Step 6: Query the Data with Athena

 aws athena start-query-execution --query-string "SELECT * FROM my_table;" --query-execution-context Database=my_database --result-configuration OutputLocation=s3://my-athena-bucket/query-results/

How to Run Amazon Athena Queries?

Amazon Athena facilitates in running the SQL Queries on your data that is stored in Amazon S3. Through this we can report the query results to other AWS services such as Amazon S3, Amazon QuickSight or sending the notifications via Amazon SNS. The following steps helps in guiding you to run the Amazon Athena Queries:

Step 1: Install and Configure AWS CLI

  • Install the AWS CLI and configure with AWS credentials with running the following commands:
pip install awscli
aws configure

Step 2: Create a S3 Bucket for Query Results

  • Create an Amazon S3 bucket for the purpose of querying the results with unique and relative bucket name. The command looks as follows:
aws s3 mb s3://my-athena-query-results

Step 3: Run a Query using AWS CLI

  • Run the query from the AWS CLI using the following command:
aws athena start-query-execution --query-string "SELECT * FROM my_table;" --query-execution-context Database=my_database --result-configuration OutputLocation=s3://my-athena-query-results/

Step 4: Check Query Execution Status

  • Check the query execution status with the following command and make sure to replace the <QueryExecutionId> with your ID returned by the start query execution and the status is `SUCCEEDED`
aws athena get-query-execution --query-execution-id <QueryExecutionId>

Step 5: Fetch Query Results

  • Finally fetch the query results with the following commands:
aws athena get-query-results --query-execution-id <QueryExecutionId>

How to Report Data to Other Resources?

The following steps helps in how to report the data to other resources:

Step 1: Save Results to Amazon S3

  • Athena itself automatically save the query results to the Amazon S3 location that is specified. You can access these results using Amazon S3 console or AWS CLI:
aws s3 cp s3://my-athena-query-results/<QueryExecutionId>.csv .

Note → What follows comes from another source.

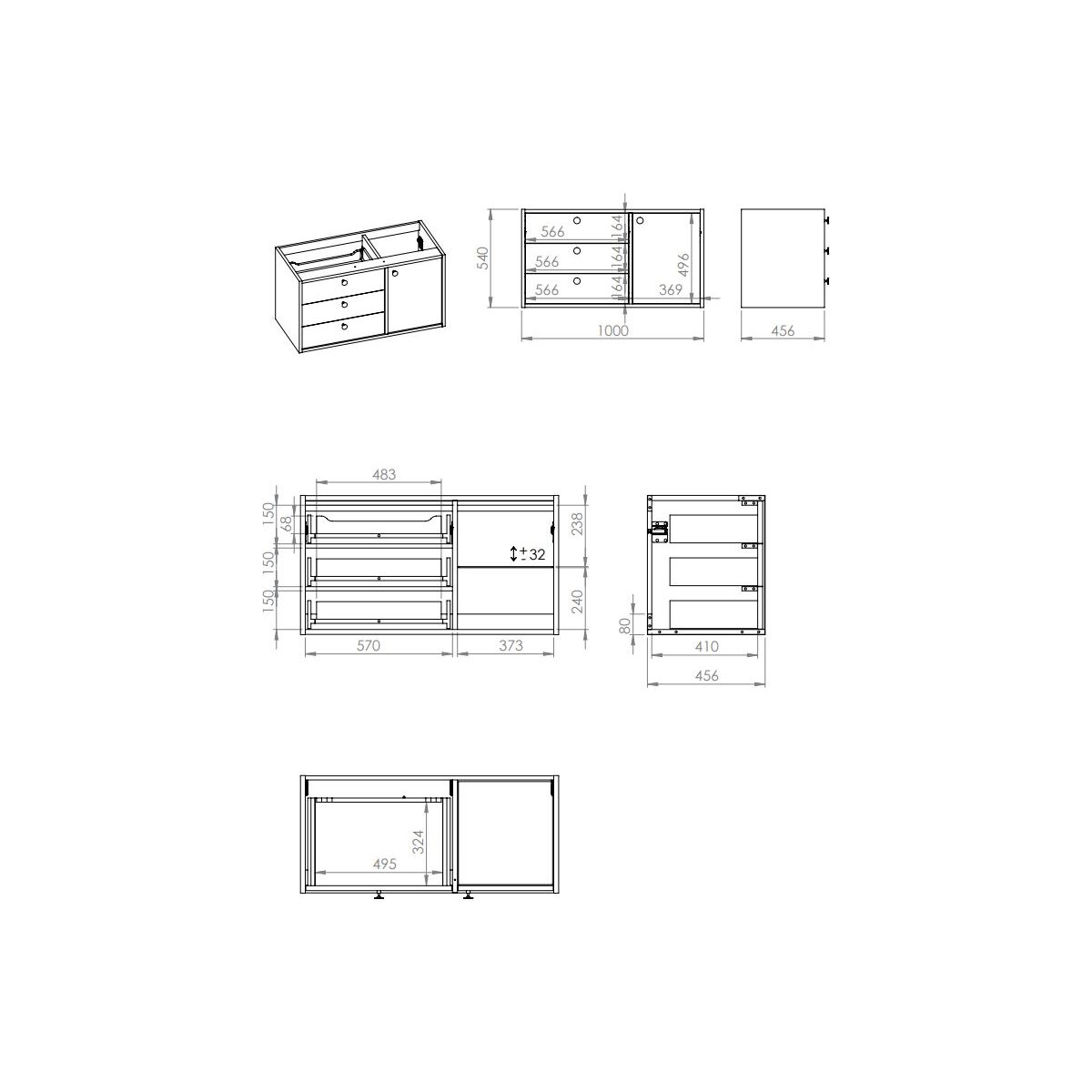 - meuble compatible uniquement avec le plan de travail, peut être utilisé comme commode ou comme meuble sous lavabo

Step 2: Visualize the Data in Amazon QuickSight

  • Try on sign in to the Amazon Quicksight service and try on creating a new data set.
  • Choose the S3 bucket as the data source and ensure to specify the Amazon s3 bucket where the Athena query results.
  • It helps in preparing and visualizing the data using QuickSight’s visualization tools.

Step 3: Send Notifications via Amazon SNS

  • It helps in creating the SNS Topic using the following command:
aws sns create-topic --name MyAthenaResultsTopic
  • Execute the following command to subscribe to the topic and ensure to replace the <TopicArn> with the ARN of the SNS Topic created.
aws sns subscribe --topic-arn <TopicArn> --protocol email --notification-endpoint myemail@example.com
  • Now, publish the results of the notifications with the following command:
aws sns publish --topic-arn <TopicArn> --message "Athena query results are available at s3://my-athena-query-results/<QueryExecutionId>.csv"

What are the benefits of using Amazon Athena?

The following are the benefits of using Amazon Athena:

  • Serverless: For using Amazon Athena no infrastructure managment is needed as it automatically handles the scaling, patching and configuration.
  • Cost-Effective: It only charges for the queries you run with no upfront costs or resource provisioning.
  • Ease of Use: it query the data directly from the Amazon S3 using standard SQL that is accessbile to users familiar with SQL.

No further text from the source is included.